China’s foreign exchange reserves rebound in May, gold holdings also rise

  • The surprise US$6.1 billion increase to US$3.101 trillion came as Beijing also boosted its gold reserves by 1.88 per cent to US$79.8 billion
  • Speculation that China could use massive reserves, mostly US dollar-denominated assets, to counter trade war moves by US President Donald Trump
Economists polled by Reuters had forecast China’s foreign reserves would fall by US$5 billion to US$3.09 trillion in May from US$3.0949 trillion in April. Photo: Reuters

China’s foreign exchange reserves unexpectedly rose US$6.1 billion in May to US$3.101 trillion, reversing the previous month’s decline.

The rise also came as China increased its gold reserves by 1.88 per cent to US$79.8 billion last month, according to central bank data released on Monday.
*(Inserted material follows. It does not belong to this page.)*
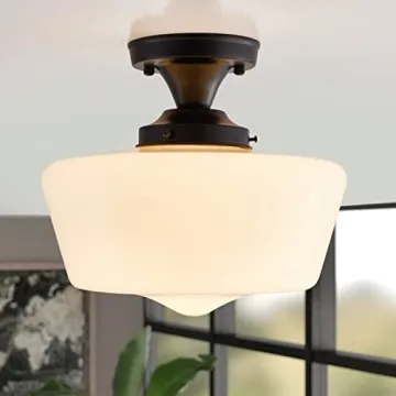 Illuminate your space with the stunning youngrender Black Schoolhouse Light Fixture, an exquisite blend of vintage charm and modern functionality. Measuring at 11.81" D x 11.02" H, this expertly crafted flush mount ceiling light features a durable body finished in a sleek black, paired beautifully with a milky white antique-style glass shade. Perfectly suited for any room, whether it be a contemporary kitchen, cozy hallway, or sophisticated dining area, this light fixture...
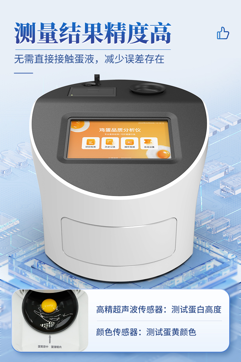 4.創(chuàng)新采用高精超聲波傳感器測試蛋白高度,精密傳感器測試蛋黃顏色,無需直接接觸蛋液,減少誤差存在。

That represented an increase for the sixth straight month to 61.61 million ounces.

Economists polled by Reuters had forecast China’s foreign reserves would fall by US$5 billion to US$3.09 trillion in May from US$3.0949 trillion in April.

“Looking ahead, global economic uncertainties will become more prevalent and capital market volatility will rise. But our economic development has sufficient resilience and huge potential, and the increasing ability to counter external forces mean they won’t change the long-term growth trend,” said Wang Chunying, spokesman and chief economist of the State Administration of Foreign Exchange, China’s foreign exchange regulator who published the foreign exchange reserve figure on Monday.

As China continues to battle a trade war with the United States, speculation is rife that China’s massive reserves – the bulk of them believed to be held in US dollar-denominated assets – could be used to counter moves by the Trump administration.

At the G20 finance leaders meeting in Japan on Saturday, US Treasury Secretary Steven Mnuchin accused China of allowing the yuan to slide in a bid to offset the impact of Washington’s trade tariffs.

Mnuchin’s accusation stopped short of calling Beijing a currency manipulator as “intervening to support the currency’s exchange rate is not regarded as currency manipulation”.

On Sunday at the G20 meeting, finance ministers and central bankers of the G20 economies pledged to take action against intensifying global trade and geopolitical tensions, conceding that growth remains low and risks were “tilted to the downside”.